On-chain program
The Enclz program is an Anchor-based Solana smart contract written in Rust. It's the source of truth for every spend policy.
- Source:
enclz/solana - Program ID: read dynamically from
@enclz/sdk— don't hardcode (it changes between devnet and mainnet). - Anchor IDL: published on-chain and accessible via
Program.fetchIdl().
What lives on-chain
| Account | Seed | Purpose |
|---|---|---|
GroupConfig | ["group", owner_pubkey] | Per-orchestrator group config — name, owner, fee recipient, DEX router |
AgentWallet | ["agent", group, agent_pubkey] | Per-agent state — limits, counters, nonce, owner |
WhitelistEntry | ["whitelist", group, target_address] | Per-recipient authorization — type, TTL, amount cap, amount used |
Token accounts (ATAs) for each agent are owned by the AgentWallet PDA and created at agent initialization.
What does not live on-chain
- Agent API keys — bcrypt-hashed in the backend's database.
- Audit memos (the human-readable strings attached to transfers) — stored in the backend log; the on-chain
memofield is a fixed-length 32-byte hash. - Webhook subscriptions — backend-only.
- Orchestrator session JWTs — issued by the backend after SIWS verification, never written to chain.
The split is deliberate: anything that affects who-can-spend-what lives on-chain.

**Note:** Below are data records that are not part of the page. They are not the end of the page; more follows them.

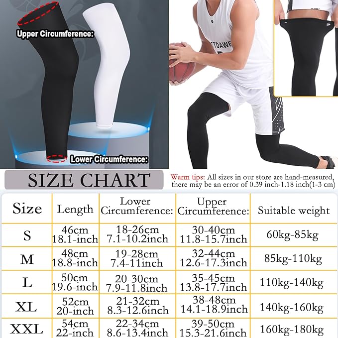 - Anti-slip Design: Our long leg sleeves have a circle of silicone anti-slip strips and elastic compression straps on the top, which can keep the position well and not easy to fall off, you can exercise at will. The leg sleeves also feature UV protection, protecting your legs from harmful sunlight so you're always protected during exercise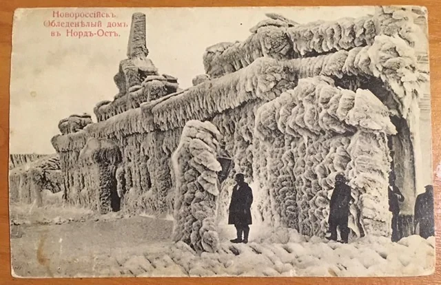 Антикварная открытка: Обледенелый дом в Новороссийске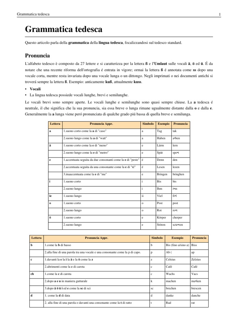 L'alfabeto tedesco composto da 27 lettere e si caratterizza per la lettera e l'Umlaut sulle vocali , ed . da notare che una recente riforma dell'ortografia entrata in vigore; ormai la lettera annotata come ss dopo una vocale corta, mentre resta invariata dopo una vocale lunga o un dittongo. Negli imprimati o nei documenti antichi si trover sempre la lettera . Esempio: anticamente ku, attualmente kuss. Vocali La lingua tedesca possiede vocali lunghe, brevi e semilunghe. Le vocali brevi sono sempre aperte. Le vocali lunghe e semilunghe sono quasi sempre chiuse. La a tedesca neutrale, il che significa che la sua pronuncia, sia essa breve o lunga rimane ugualmente distante dalla o e dalla e. Generalmente la a lunga viene per pronunciata di qualche grado pi bassa di quella breve e semilunga.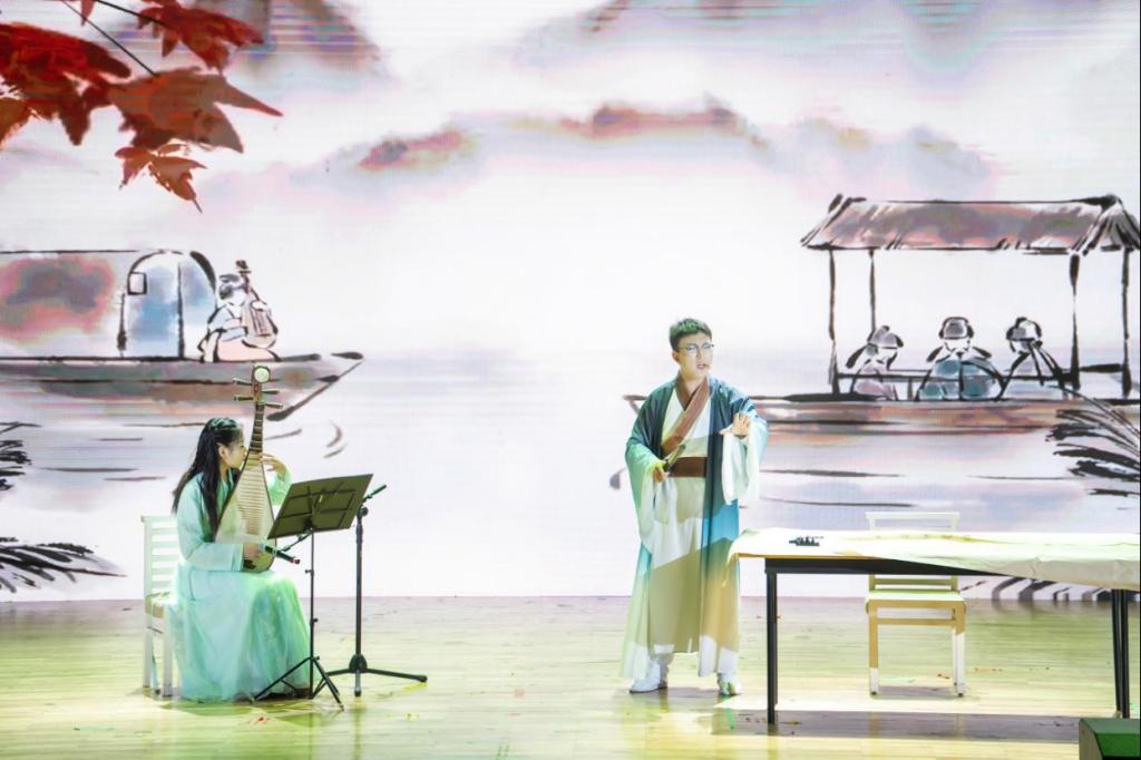 赓续文化基因,坚定文化自信。本次青春诗会在满怀豪情壮志、气吞山河的盖世雄文《满江红》的朗诵中拉开了帷幕,点燃全场的报国之志;戎马关山报国志,一首《木兰辞》展现了花木兰替父从军、征战沙场、巾帼不让须眉的女性力量;一曲《琵琶行》在诗与乐的交融中感受多重文化意蕴。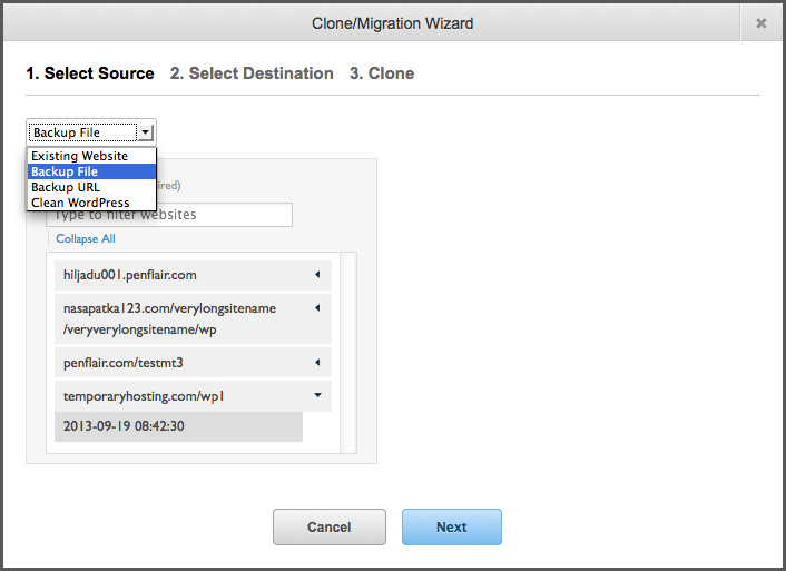 We’ve just released an update to one of our most used features, the Clone/Migration Wizard. We’ve added an option for you to select one of your website backups as a source for cloning. User interface is improved and focused on leading you through three simple steps to complete the process.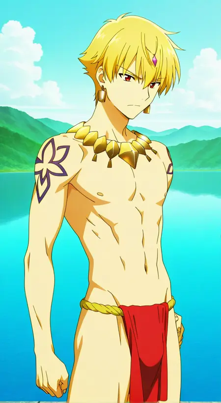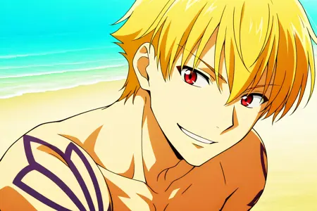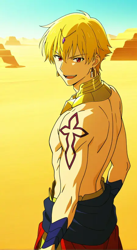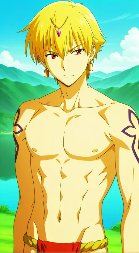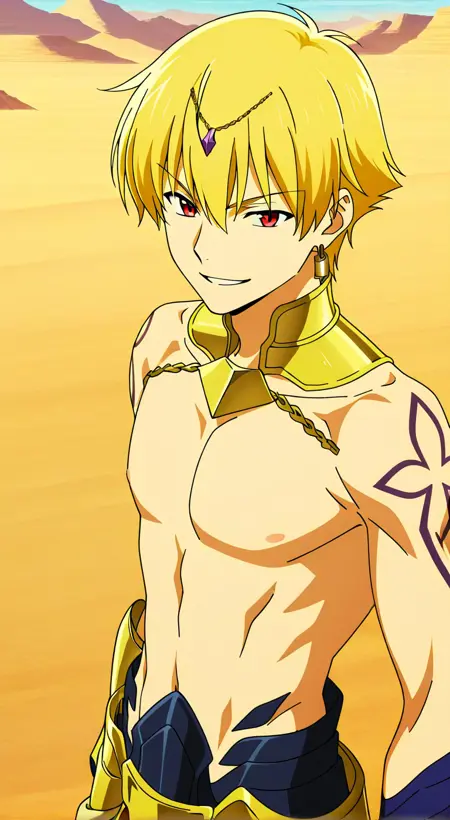 트리거 단어: 길가메시, 금발, 단발, 빨간 눈, 앞머리, 문신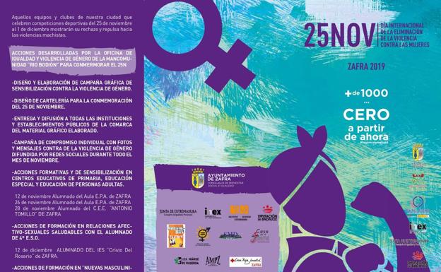 El Ayuntamiento de Zafra, a través de la Concejalía de Bienestar Social e Igualdad, ha organizado un amplio programa de actividades conmemorativas del 25 N, Día Internacional de la Eliminación de la Violencia contra las Mujeres. Una jornada reivindicativa para la que el Instituto de la Mujer de Extremadura (IMEX) ha elegido este año el lema: 'Más de 1.000… Cero a partir de ahora', al que se suma el Consistorio zafrense. La concejala Mayca Cabello dijo que «las cifras de mujeres asesinadas siguen dando escalofríos, nos sentimos impotentes porque trabajamos en igualdad, concienciando y sensibilizando, pero queda mucho para erradicar la violencia de género».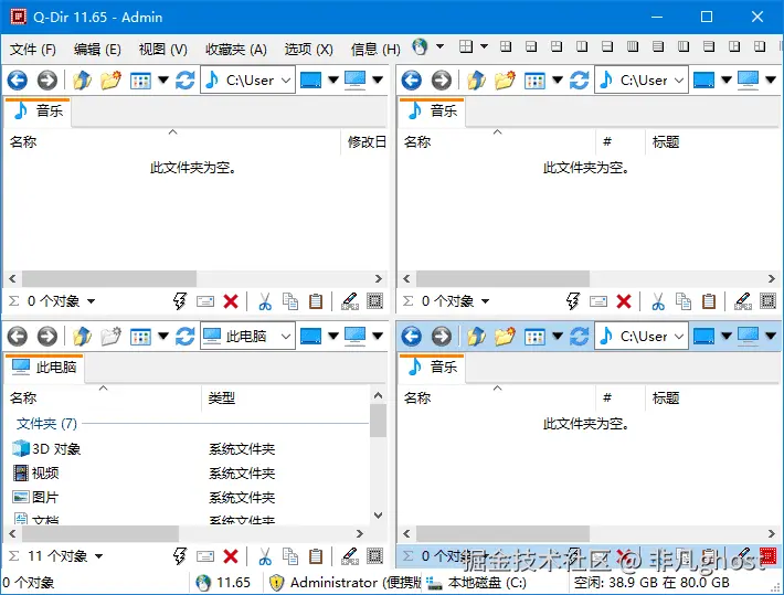 Q-Dir(Quad-Directory Explorer)是一款专为 Windows 设计的免费多窗口文件管理器,最新版本为 v12.49(2026年2月发布)。它最大的特色是支持在一个界面中同时显示 1-4 个独立的文件浏览窗口,大幅提升文件整理和跨目录操作的效率。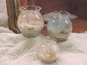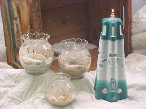 and seashells on the bottom, and bubbled 'water' supporting the wick.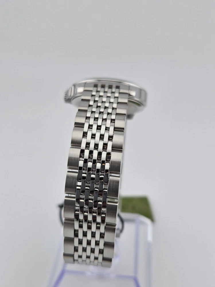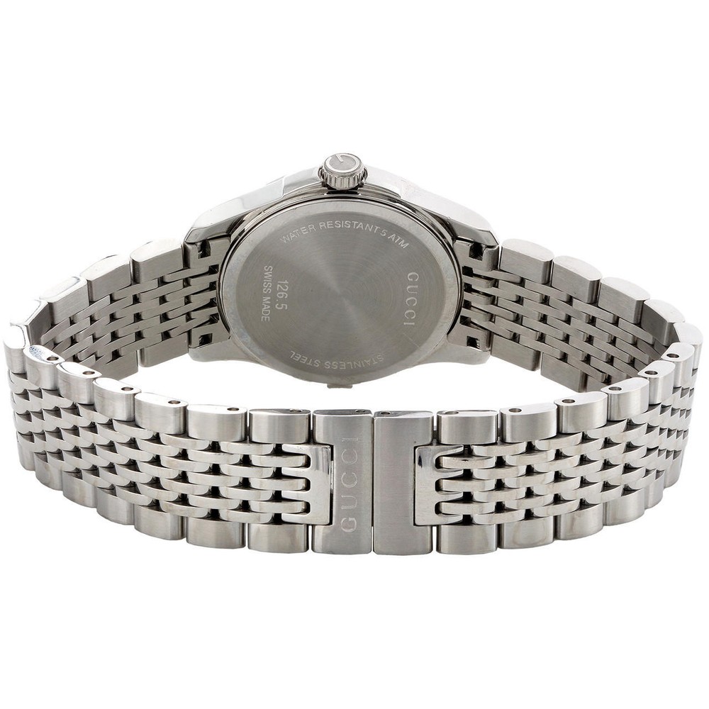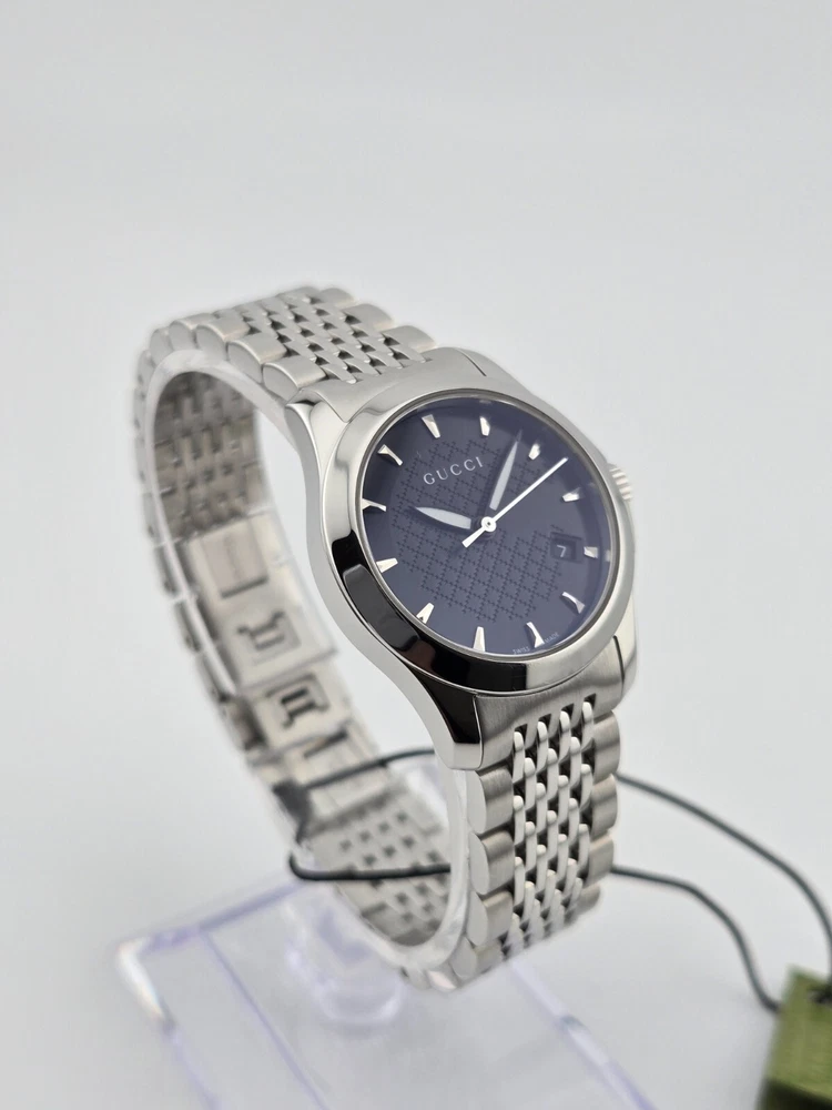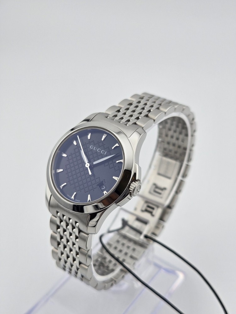 Gucci Women’s G-Timeless Stainless Steel Black Dial Watch – YA126502 ($790 MSRP) With Original Box and Tags! This watch is a Shelf Pull from one of the Major Department Stores. Watch has micro scratches on the watch case/band, visible under direct light. The Gucci Women’s G-Timeless Stainless Steel Black Dial Watch – YA126502 embodies the essence of luxury and sophistication. It features a sleek stainless steel case complemented by a matching stainless steel link bracelet, offering both durability and elegance. The fixed stainless steel bezel frames a distinctive black diamond-pattern dial with the iconic Gucci 'G', adorned with luminous silver-tone hands and index hour markers, ensuring both style and readability. Minute markers around the outer rim add to the precise timekeeping of this exquisite timepiece. This analog watch is powered by a reliable quartz movement, providing accurate timekeeping. A scratch-resistant sapphire crystal protects the dial, maintaining its pristine appearance over time. The date display is discreetly positioned at the 4 o'clock mark, adding a practical function without compromising the watch's aesthetic. The textured steel crown and stainless steel case back complete the sophisticated design. With a case diameter of 27 mm and a case thickness of 7 mm, it is a perfect size for a woman's wrist, offering a refined yet substantial presence. Designed for both style and functionality, the watch features a hidden deployment clasp that ensures a secure and comfortable fit. Water-resistant up to 30 meters (100 feet), this timepiece can withstand everyday splashes and brief immersion in water. The Gucci Women’s G-Timeless Stainless Steel Black Dial Watch is a luxury dress watch that seamlessly combines timeless elegance with modern design elements, making it a perfect accessory for any occasion. Features Stainless steel case with a stainless steel link bracelet. Fixed stainless steel bezel. Black diamond-pattern with black Gucci 'G' dial with luminous silver-tone hands and index hour markers. Minute markers around the outer rim. Dial Type: analog. Date display at the 4 o'clock position. Quartz movement. Scratch resistant sapphire crystal. Textured steel crown. S tainless steel case back. Case diameter: 27 mm. Case thickness: 7 mm. Band width: 14 mm. Hidden deployment clasp. Water resistant at 30 meters / 100 feet. Functions: hours, minutes, seconds, date. Fast and Free Shipping You're already purchasing the item. Why pay additional for shipping, especially slow shipping? We get your order shipped out within 1-business day and delivered to your doorstep as quickly as possible. Competitive Pricing With our dynamic pricing model, our prices are always competitive. Our prices are some of the lowest that you will find on the internet. Rest assured that you're getting a good deal when purchasing with us. 30-day Money Back Guarantee We are committed to making sure that you leave this transaction satisfied. If you're unhappy with the product for any reason, you may return it back for your money-back or a replacement within 30 days. No questions asked!

Anything that's a notification convenience or a credential lives off-chain.
Read paths
The webapp and the backend both read on-chain state via Anchor:
getGroupConfig(group_pda)— fetches a group's config.getAgentWallet(agent_wallet_pda)— fetches an agent's policy + counters.listAgentsForGroup(group_pda)— enumerates all agents in a group.listWhitelistEntries(group_pda)— enumerates all whitelist entries for a group.
The webapp uses these for the dashboard. Anyone with a Solana RPC can run the same reads directly without going through the webapp or the backend.
Write paths
Every mutation goes through one of the program's instructions. See Instructions for the full list. Mutations split into two camps:
- Owner-signed (the orchestrator's wallet must sign):
initialize_group,add_agent,add_to_whitelist,renew_whitelist_entry,remove_from_whitelist,update_agent_limits,update_backend_operator,emergency_withdraw. - Operator-signed (the backend's operator keypair signs):
execute_transfer,execute_swap,execute_deposit,execute_withdraw. The backend signs as the agent's executor — but every check happens in the program, so the backend cannot grant the agent any authority the program doesn't already permit.
Why an on-chain program
The on-chain enforcement is the differentiator. Several alternatives exist:
| Alternative | Where the policy lives | What happens if compromised |
|---|---|---|
| Plain hot wallet | Nowhere | Drained immediately |
| Backend-enforced limits | Backend database | Drained when backend is compromised |
| Multi-sig | Off-chain coordination | Limits are not enforced on-chain — only signing thresholds are |
| Enclz | On-chain Anchor program | Policy holds; attacker bounded by per-tx and daily caps and whitelist |
The trust assumption with Enclz reduces to: the on-chain program is correct. That's auditable, freezable (program upgrades require keypair the team holds, with future plans to relinquish), and verifiable per-instruction on Solana Explorer.